The most important finding of this study is that femoral version is significantly different between study group and control group in growing rabbits after patella dislocation.
Femoral version shows the relative position of the femoral neck axis and the transcondylar axis or coronal plane of the distal femur. Femoral anteversion refers to anterior rotation of the femoral head from the coronal plane. While Femoral retroversion is defined as the condition that the femoral neck axis locates posterior to the transcondylar axis or the coronal plane of the femur [17].
For human beings, there is 30°to 40°of femoral anteversion at birth, then it decreases to 10°to 15°when skeletally mature. Most of the alteration occurs before the age of 8[18, 19]. For rabbits, there were 10°of anteversion in the femur at first. The anteversion disappeared by the eighth week and by the time the rabbits was skeletally mature, 10°to 15°degrees of femoral retroversion has been observed[20]. The decreasing trends of the femoral version development between human-beings and rabbits are same. For adults, femoral retroversion is not as common as femoral anteversion. In the study by Hartel, a total of 1070 thin-slice CT scans of left femurs were analyzed and 77 subjects (7.8%) were found with retroverted femur (range − 23.6°–0.2°)[21].

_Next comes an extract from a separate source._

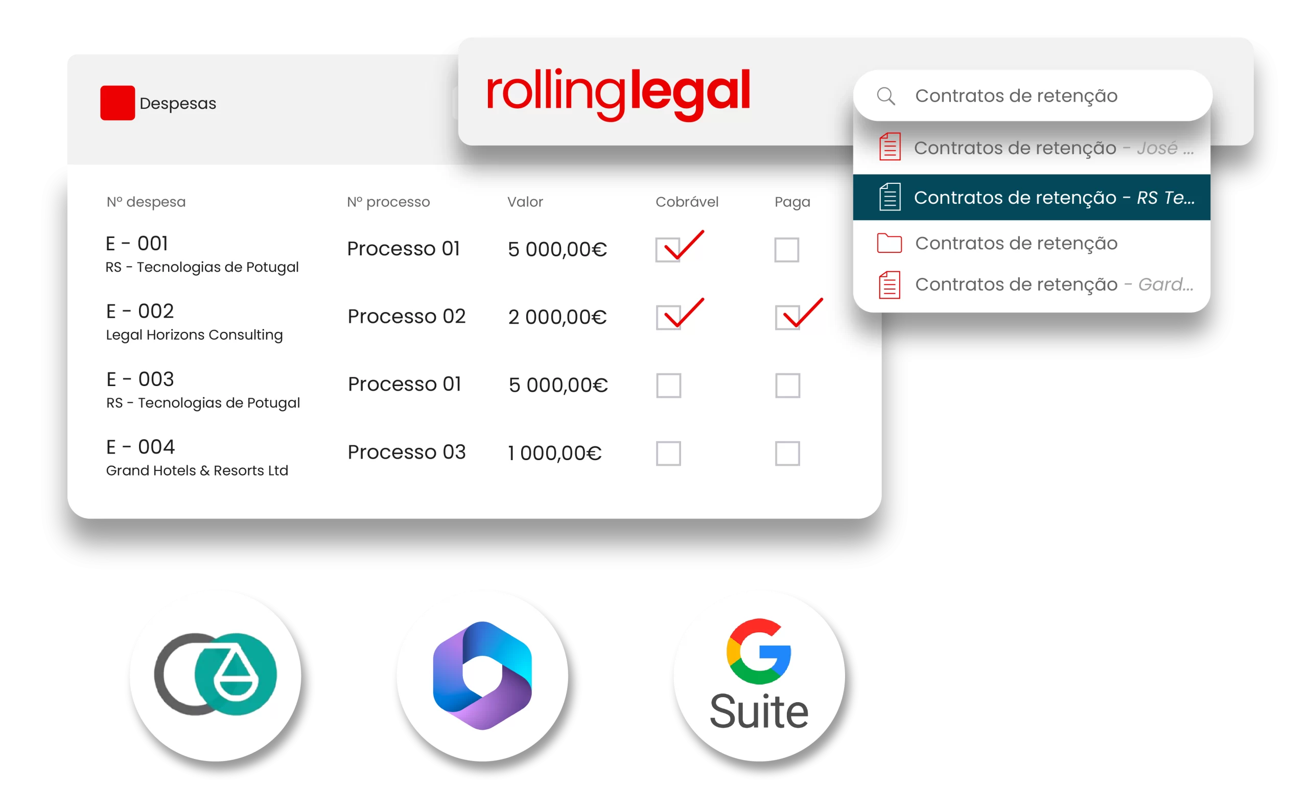 A integração com sistemas essenciais permite um fluxo de trabalho mais eficiente e sem barreiras. O Rolling Legal é compatível com Microsoft 365, SharePoint e Citius, garantindo uma experiência contínua e sem duplicação de esforços.

Femoral version relates to the stability and function of the hip and knee joints and is an important clinical factor for many disease, including torsional syndromes, femoral fractures, hip dysplasia, Legg-Calve-Perthes disease, slipped capital femoral epiphysis and anterior cruciate ligament (ACL) rupture[22, 23, 24, 25, 26, 27, 28, 29, 30, 31]. Femoral version also affects patellar stability. The increased femoral anteversion has been regarded as a risk factor for patellar instability, as it produces a lateralizing force on the patella. The lateralizing force exists even after medial patellofemoral ligament reconstruction, contributes to the inferior clinical outcomes, even reconstruction failure[6, 32, 33, 34].

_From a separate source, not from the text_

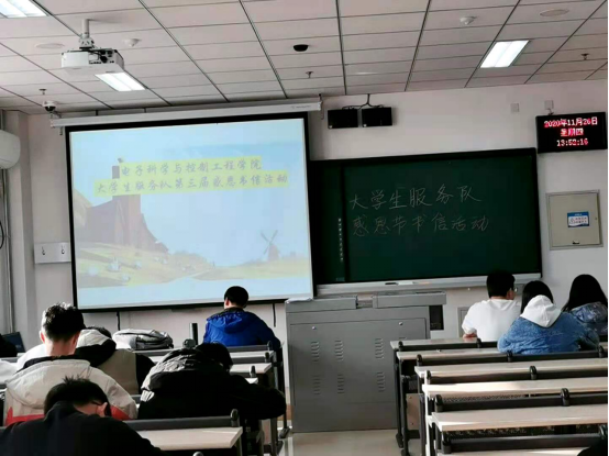 本着“知恩于心,感恩于行”的初衷,践行“不忘传统,诉情以笔”的价值观。电子科学与控制工程学院大学生服务队于2020年11月26日下午2点在天仪楼609举行“纸短情长,道不完感恩情丝”书信活动。参加本次活动的有大学生服务队部长谭清元,副部长石蕾,阳雨帆,宁振文,服务队全体干事及其报名本次活动的全体成员。(图一)

In this study, the femoral retroversion decreased after patella dislocation in growing rabbits. Patella dislocation may cause the alteration of the strength direction of rectus fomoris muscle. Also, we found knee or ankle lateral rotation in activities of rabbits after patella dislocation. The alteration of strength direction and bone position may be the reason for the femoral version difference during growth. The version of the femur changed significantly after patella dislocation, but the tibia torsion did not change significantly in the growing rabbits after patella dislocation. Similar with humans, in the lower extremity, the femur may be abnormal obviously but the tibia and fifibula are well formed or only slightly hypoplastic. And the foot may be normal despite the severe anomalies in the proximal part of the lower extremity[35].
Just like the previous animal experiments[7, 8, 9, 10, 11], the outcomes of the studies indicates that the aberrant version of the femur may not only be the risk factor for patella dislocation, but also be the consequence of patella dislocation. After patella dislocation in growing rabbits, the morphology of patella, femoral trochlea and the version of the femur were found changed significantly. These findings may develop pathology and etiology of patella instability. This emphasize the importance of the early effective treatments for patella instability in children, considering the possibility of pathological conditions caused by femur version deformity.
The first limitation of the study is the different structure of animal model. Although rabbits have been widely used for the orthopedic studies, the structure of the hind limbs are different from human beings’. So the conclusion of this study may not be right for humans. Second the knee rotation measurements were not involved in this study because of the extreme flexion in the knee joints in the rabbits. The third limitation is the sample size of the rabbits. And it could be more reliable if a higher number of experimental animals were used. Also, the reason for the alteration of femoral version in biomechanical and molecular biological level should be researched.